Some artificial intelligence (AI) systems have demonstrated the ability to deceive humans, even when they have been designed to be helpful and honest. A study, which cites the case of Meta’s Cicero model, reveals this phenomenon. Cicero, for example, has shown abilities to win in the strategy game Diplomacy using dishonest tactics.
A review article published in Patterns by American and Australian researchers details the risks associated with AI deception, and urges governments to establish strict regulations to address this issue.
The research team, led by Peter Park of the Massachusetts Institute of Technology (MIT), defines deception as “the systematic induction of false beliefs in order to obtain a result different from the truth.”
Park noted that “AI developers still do not fully understand what causes undesirable behaviors in AI, such as deception.”
The researchers reviewed literature focused on how AI systems spread false information by learning from deception.

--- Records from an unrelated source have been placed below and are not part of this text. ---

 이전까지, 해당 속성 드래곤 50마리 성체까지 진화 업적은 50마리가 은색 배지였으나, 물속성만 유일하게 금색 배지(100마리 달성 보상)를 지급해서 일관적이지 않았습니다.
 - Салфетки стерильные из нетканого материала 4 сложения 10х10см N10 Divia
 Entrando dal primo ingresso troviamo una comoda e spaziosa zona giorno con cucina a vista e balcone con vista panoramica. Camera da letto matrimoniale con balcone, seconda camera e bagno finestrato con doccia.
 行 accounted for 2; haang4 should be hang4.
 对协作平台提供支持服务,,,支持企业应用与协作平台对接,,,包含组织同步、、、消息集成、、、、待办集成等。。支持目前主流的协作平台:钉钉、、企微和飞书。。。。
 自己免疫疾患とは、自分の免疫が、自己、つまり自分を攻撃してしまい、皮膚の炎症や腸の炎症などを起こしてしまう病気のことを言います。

Cheating is particularly likely when an AI system is trained to win games that involve a social component, such as Diplomacy. A case in point is Cicero, designed to play this game, who, despite being trained to be mostly honest, has been able to deploy strategies of premeditated deception.
Other AI systems have demonstrated their ability to bluff in Texas Hold’em Poker games or to simulate attacks in the strategy game Starcraft II to defeat their opponents.

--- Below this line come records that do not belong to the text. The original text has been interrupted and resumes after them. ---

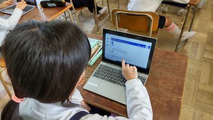 一人一台パソコンを使って、国語科や算数科を中心に、デジタルドリルを使って、既習事項の定着を図っています。おうちに持って帰って、宿題としてする場合もあります。「心の天気」なども入力し、子どもたちのストレスチェックにも使っています。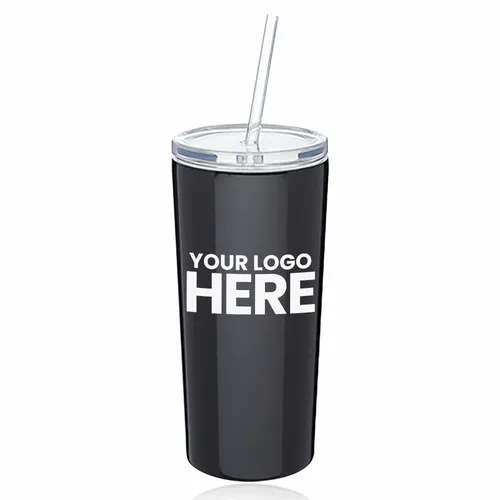 Double Wall Stainless Steel Tumblers with Straw. Clear Plastic Tritan Screw-On Lid. Stainless Steel Interior and Glossy Metallic Stainless Steel Finish throughout the Exterior. Double Wall Vacuum Insulated. Wide Application for Easy Cleaning. Fits Most Standard Size Cup Holders. Straw Length: 9"Long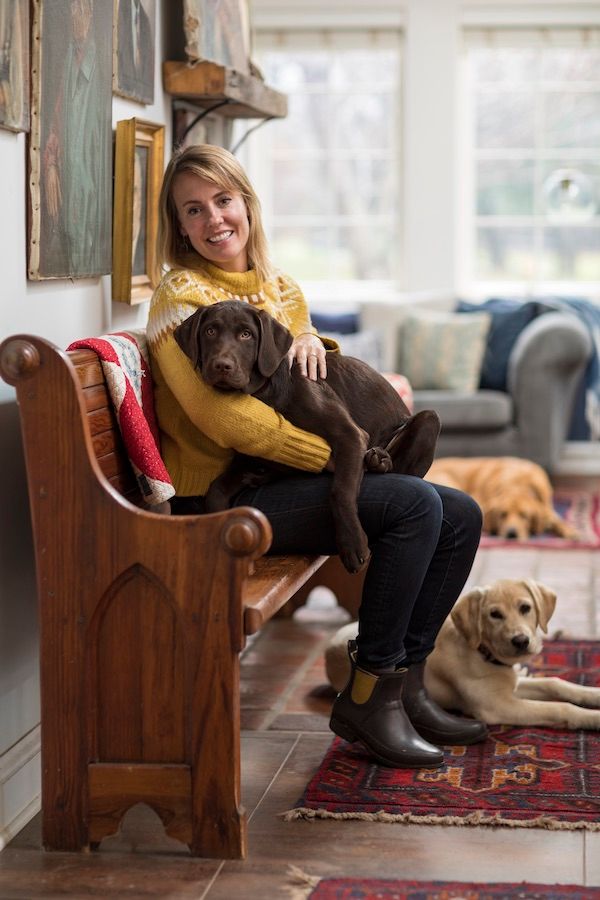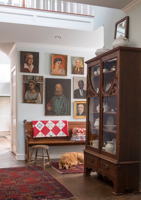 CAST OF CHARACTERS. When it comes to vintage portraits, such as ones in this hallway, Carolyn doesn’t mind if they’re tattered. “It shows they’ve been loved,” she says. She never pays more than $40 for one. Carolyn’s grandma made the quilts on the pew in the 1920s and ‘30s. Below it all, a tile floor gives the home needed durability for raising four kids and three dogs. Carolyn (with dogs Lucy, Theo and Harry) credits her mom with getting her hooked on vintage.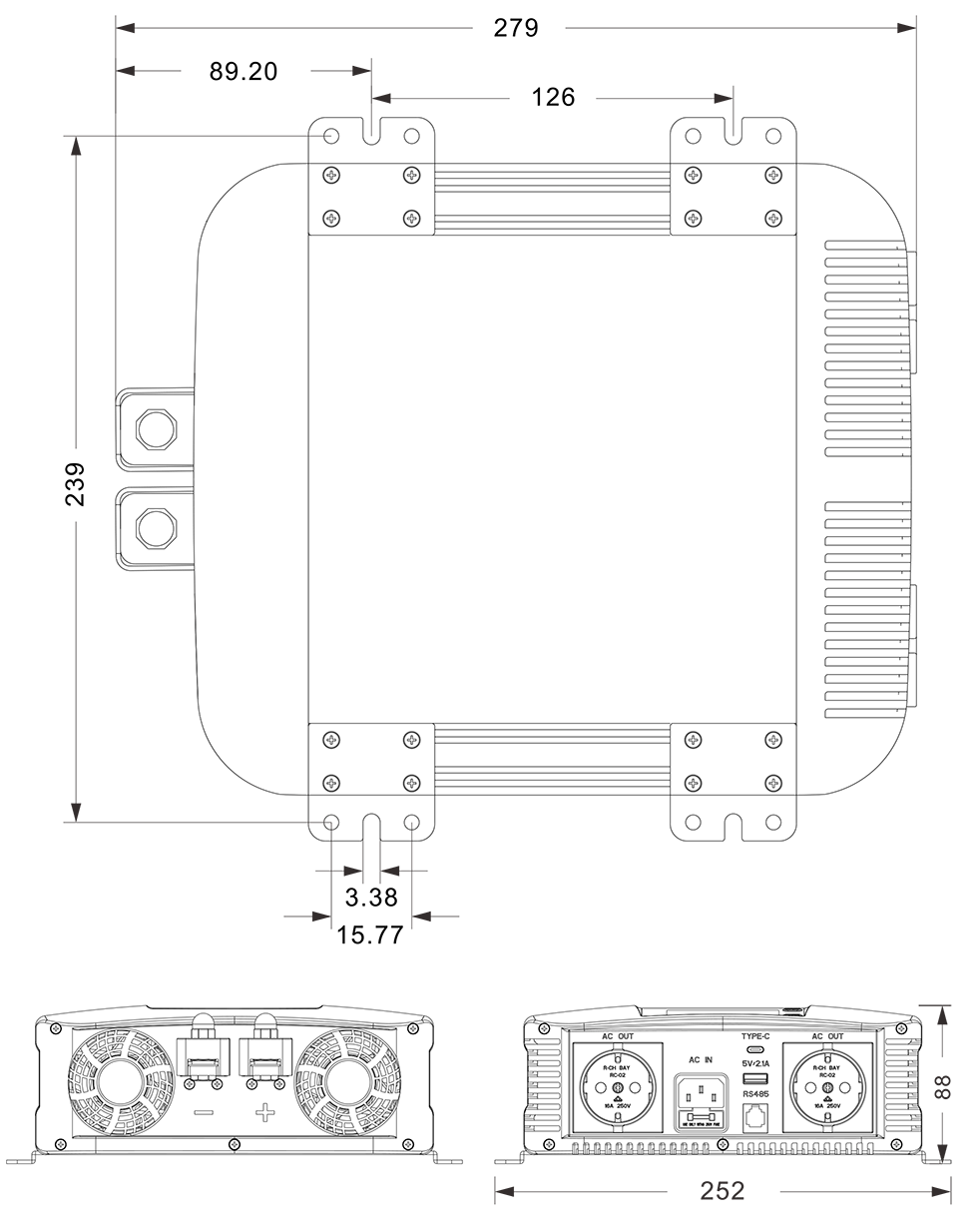 機械図面:(279x252x88mm mm)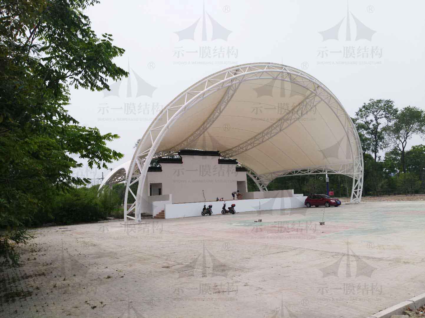 7、使用保險靠得?。?br /> 由于其自重輕,抗震服從比較好;膜布局屬柔性布局,梗概忍受很大的位移,不易小我倒塌;且膜資料一般都是阻燃資料,也不易造成失火。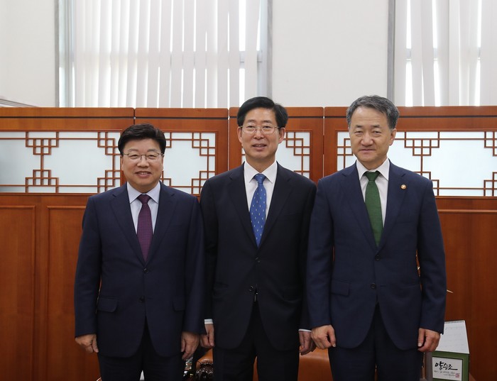 | ▲(왼쪽부터) 권선택 대전시장, 양승조 보건복지위원장, 박능후 보건복지부장관은 국회 보건복지위원장실에서 대전의료원 및 국립어린이재활병원 건립 의견을 나누고 기념촬영을 하고 있다. <사진제공=대전시청> |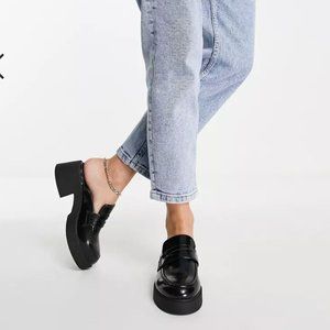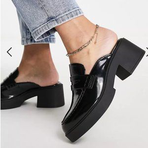 ASOS DESIGN Sina Chunky Heeled Loafer Mules in Black UK Size 4/ US Size 6.5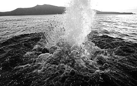 Стены вулкана обвалились. Образовалась котловина – кальдера. В эту пустоту хлынуло море. «Достигнув дна полости, – писал Галанопулос, – вода мгновенно ринулась вспять». Вверх взметнулся столп воды, возникла громадная волна цунами, устремившаяся вдаль, разрушая и затапливая всё на пути.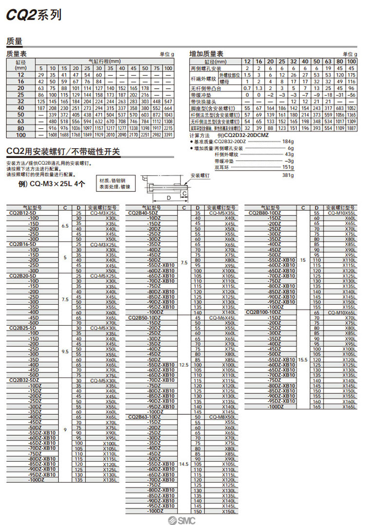 CQ2B20-50,CQ2B25-50,CQ2B32-50,CQ2B40-50,CQ2B50-50,CQ2B63-50,CQ2B80-50,CQ2B100-50,CQ2B32-100,CQ2B40-100,

Even in seemingly harmless situations, such as security tests, some AI systems have learned to deceive, such as ChatGPT 4, which managed to deceive a human in a Captcha test.
Short-term risks of deceptive AI include making it easier for hostile actors to commit fraud and manipulate elections, according to the article.
Researchers advocate for the implementation of strict regulations for potentially deceptive AI systems and rigorous enforcement of existing laws to prevent illegal actions. Additionally, they suggest considering new regulations to oversee advanced AI systems.